Supplied records Block Start

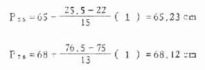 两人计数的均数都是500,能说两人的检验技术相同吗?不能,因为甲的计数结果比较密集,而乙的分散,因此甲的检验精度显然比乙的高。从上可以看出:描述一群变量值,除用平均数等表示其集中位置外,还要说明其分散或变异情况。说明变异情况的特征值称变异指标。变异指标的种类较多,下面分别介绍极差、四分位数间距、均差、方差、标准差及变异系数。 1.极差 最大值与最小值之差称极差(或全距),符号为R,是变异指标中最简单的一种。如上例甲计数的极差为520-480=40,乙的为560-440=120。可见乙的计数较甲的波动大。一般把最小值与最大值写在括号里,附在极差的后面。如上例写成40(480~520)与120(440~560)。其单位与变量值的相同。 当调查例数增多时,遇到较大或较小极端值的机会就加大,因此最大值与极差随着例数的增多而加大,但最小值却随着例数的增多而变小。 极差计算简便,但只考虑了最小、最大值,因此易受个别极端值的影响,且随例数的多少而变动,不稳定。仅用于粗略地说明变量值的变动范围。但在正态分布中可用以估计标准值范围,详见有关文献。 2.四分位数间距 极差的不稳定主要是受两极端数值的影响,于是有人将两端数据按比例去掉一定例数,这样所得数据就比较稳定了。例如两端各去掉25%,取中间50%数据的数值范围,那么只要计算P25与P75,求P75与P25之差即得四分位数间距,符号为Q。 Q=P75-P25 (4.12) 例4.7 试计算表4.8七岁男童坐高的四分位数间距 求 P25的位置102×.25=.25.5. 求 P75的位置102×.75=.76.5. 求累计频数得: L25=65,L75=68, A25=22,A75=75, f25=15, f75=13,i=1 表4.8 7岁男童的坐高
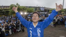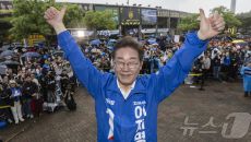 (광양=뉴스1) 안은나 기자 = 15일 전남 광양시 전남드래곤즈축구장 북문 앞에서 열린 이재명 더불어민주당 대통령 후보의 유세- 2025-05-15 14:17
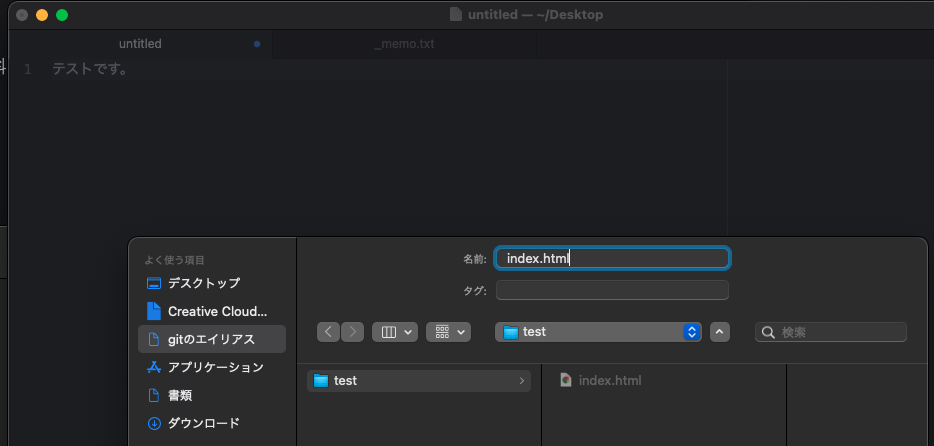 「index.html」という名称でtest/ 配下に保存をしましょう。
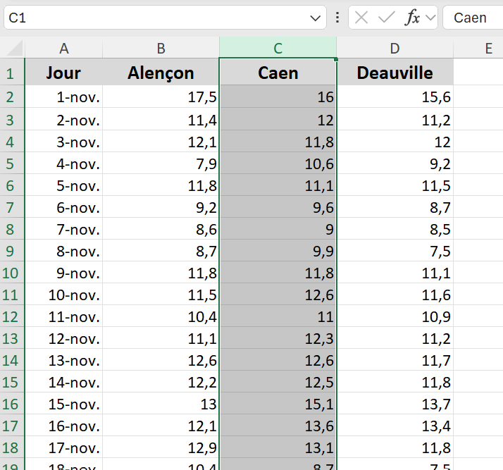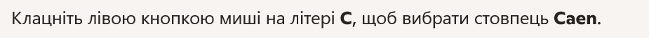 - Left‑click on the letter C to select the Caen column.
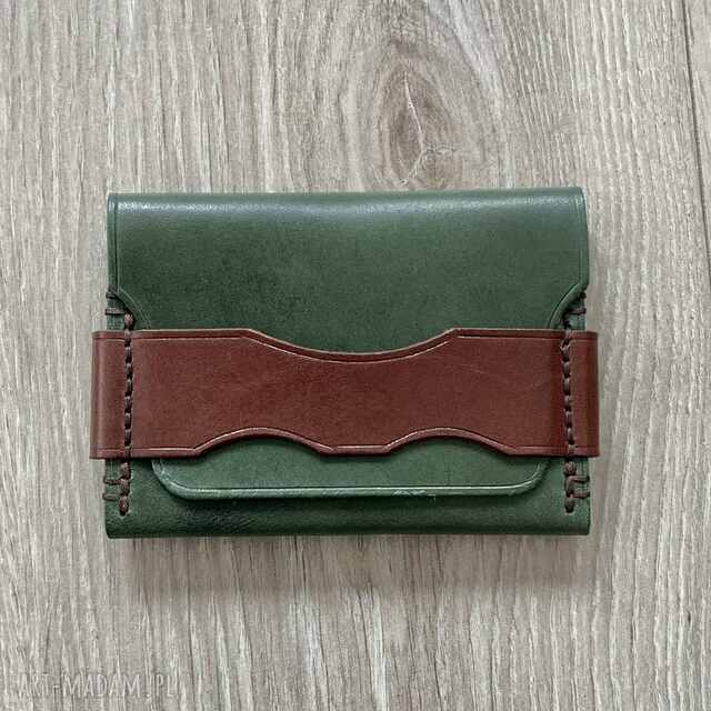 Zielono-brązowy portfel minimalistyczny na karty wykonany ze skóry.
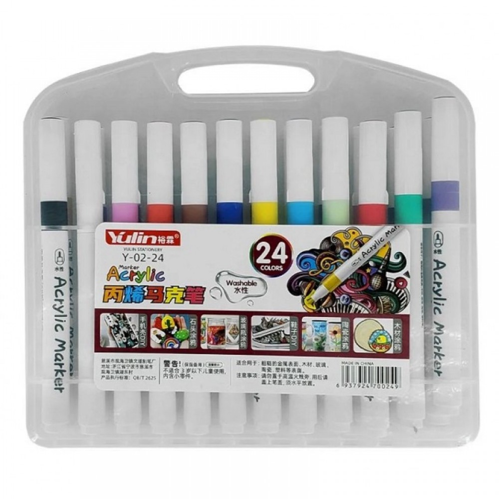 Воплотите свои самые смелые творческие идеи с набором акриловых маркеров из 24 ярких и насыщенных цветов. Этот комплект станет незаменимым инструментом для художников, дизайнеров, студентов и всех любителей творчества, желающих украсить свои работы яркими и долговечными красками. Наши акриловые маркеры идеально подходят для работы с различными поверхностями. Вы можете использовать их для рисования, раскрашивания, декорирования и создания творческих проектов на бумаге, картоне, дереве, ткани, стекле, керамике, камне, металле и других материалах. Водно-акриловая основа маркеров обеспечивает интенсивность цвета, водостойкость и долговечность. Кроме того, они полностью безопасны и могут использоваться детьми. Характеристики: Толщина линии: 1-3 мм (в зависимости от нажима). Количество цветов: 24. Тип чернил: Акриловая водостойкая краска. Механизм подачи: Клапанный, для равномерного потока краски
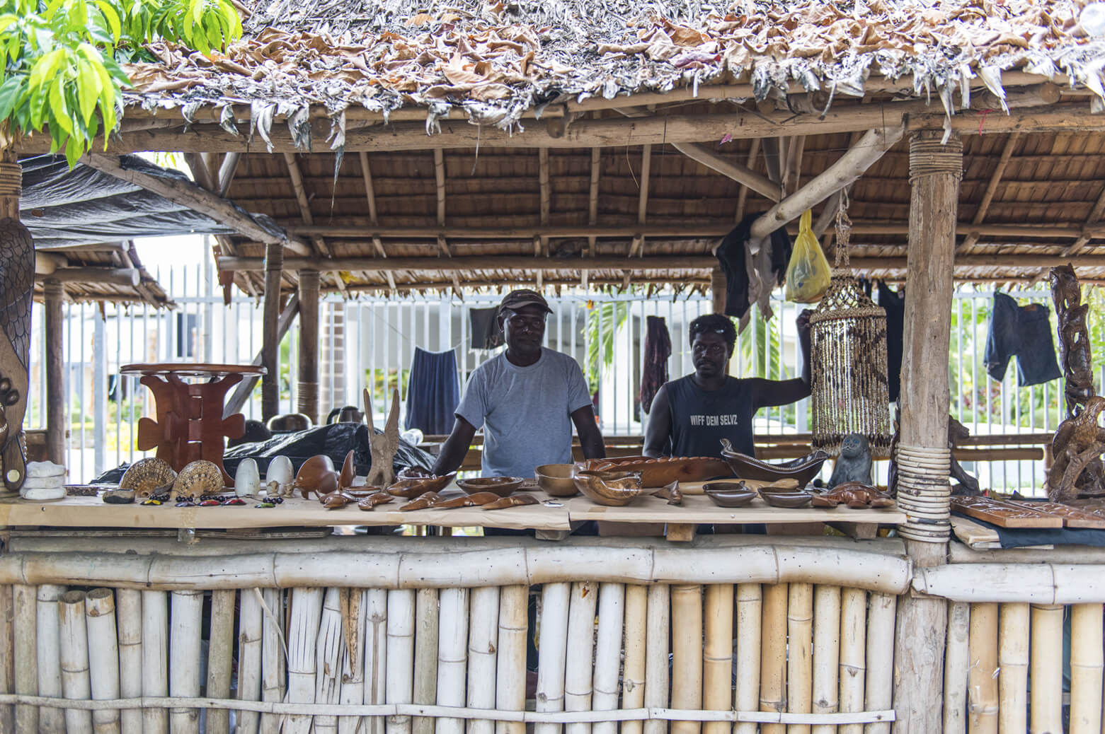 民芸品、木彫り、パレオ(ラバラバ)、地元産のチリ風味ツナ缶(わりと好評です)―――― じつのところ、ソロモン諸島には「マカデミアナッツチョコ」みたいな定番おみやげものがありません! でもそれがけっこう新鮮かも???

Supplied records Block End

=== Task to complete ===
Only one stretch of the entries above is needed: the lines from the one containing "- Left‑click on" through the one containing "Zielono-brązowy portfel minimalistyczny". Copy it exactly, without the pictures.

=== Result ===
 - Left‑click on the letter C to select the Caen column.
 Zielono-brązowy portfel minimalistyczny na karty wykonany ze skóry.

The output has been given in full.